Diverse voices speak out

New book includes 18 essays by indigenous and settler North Americans on land justice and environmental issues

July 3, 2013 | Artbeat
MennoMedia

In recognition of National Aboriginal Day in Canada, on June 21, 2013, Herald Press released Buffalo Shout, Salmon Cry: Conversations on Creation, Land Justice and Life Together, a new book edited by Steve Heinrichs, director of Mennonite Church Canada Indigenous Relations.

The writers, whom Heinrichs assembled from both settler and indigenous communities in Canada and the U.S., represent a wide range of perspectives arranged to reflect a respectful conversation. Essays written by indigenous writers are bookended with poetry, prayers or reflection from the settler perspective, and vice versa.

“Two critical issues of our time,” Heinrichs says, “are ecological/creation concerns, and the disparity between settler society and host people. This book seeks to bring those two conversations together, showing their past/present interconnections, and possible ways forward.”

The book takes a hard, critical look at the history of “stolen” lands, the assimilation of indigenous peoples and the current ecological crisis, and the role of settler Christians in those stories.

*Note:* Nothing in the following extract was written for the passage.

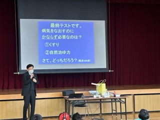 最後に、「薬というのは、病気を治すのを助けてはくれるけれど、体を治すのは自分の力だよ」と自然治癒力を高めくこと、そのためには規則正しい生活が一番大切だということを教えていただきました。

“The church, sadly, has been an accomplice in the colonization of this continent,” says Herald Press managing editor Byron Rempel-Burkholder. “This book names and showcases guilt and brokenness, and highlights ongoing concerns.”

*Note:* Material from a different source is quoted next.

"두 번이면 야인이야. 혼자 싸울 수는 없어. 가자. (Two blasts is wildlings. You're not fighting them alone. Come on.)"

For at least one indigenous essayist, Christianity itself was discredited in the way his people were colonized; other contributors have valued Christian faith even as they each recover their own traditional spirituality.

In Canada, the brokenness experienced by settler and indigenous communities has led to the Truth and Reconciliation Commission, and gave rise last year to the Idle No More movement. This collection of contentious essays engages colonial legacies as a catalyst for deeper engagement of these issues.

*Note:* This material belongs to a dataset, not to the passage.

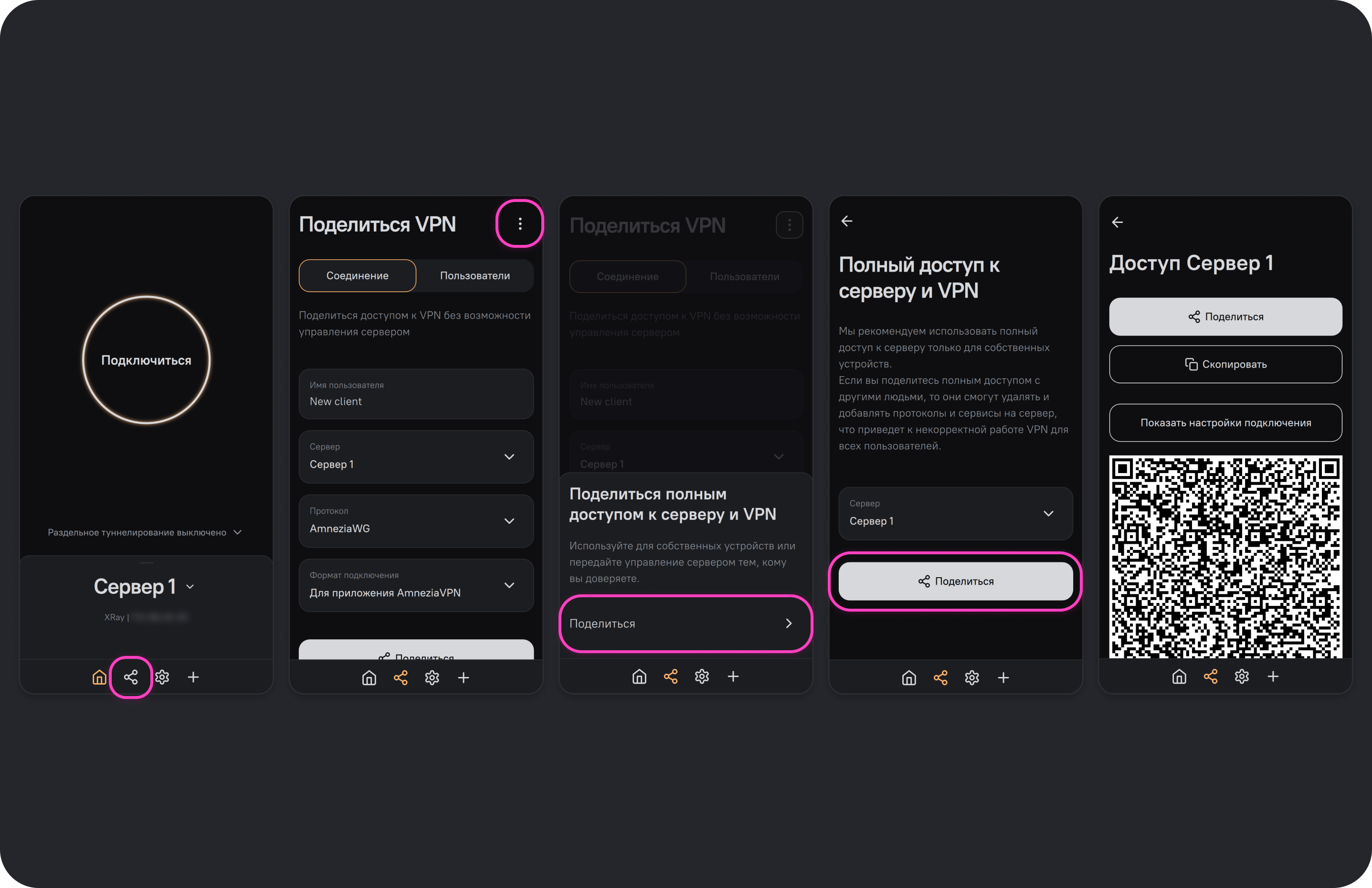 Если вы настроили на сервере VPN с помощью приложения AmneziaVPN, поделиться можно полным или гостевым доступом к VPN, которые имеют между собой крайне важные отличия. В приложении AmneziaVPN эти опции называются Поделиться полным доступом к серверу и VPN и Поделиться VPN — далее в этой инструкции мы будем называть их просто полным и гостевым доступом.

Heinrichs says he hopes the book “will be a source of encouragement, cultivating greater respect and understanding for indigenous peoples, especially amongst settler Christian communities,” and that “settler Christians who pick the book up would be unsettled in a good way, and find friends for conversation who are also puzzling through these questions.”

Buffalo Shout, Salmon Cry includes original art by Jonathan Erickson (Nak’azdli, Carrier-Sekani). “My artwork depicts a resurgent buffalo carrying within her the life and bones of the salmon,” Erickson says. “In a spirit of solidarity, they resist extinction and erasure.”

Walter Brueggemann, theologian at Columbia Theological Seminary, says of the book, “The voices that speak here sound from outside the theo-political, social-economic domination system of our society. The book is an invitation to rethink both policy and attitude.”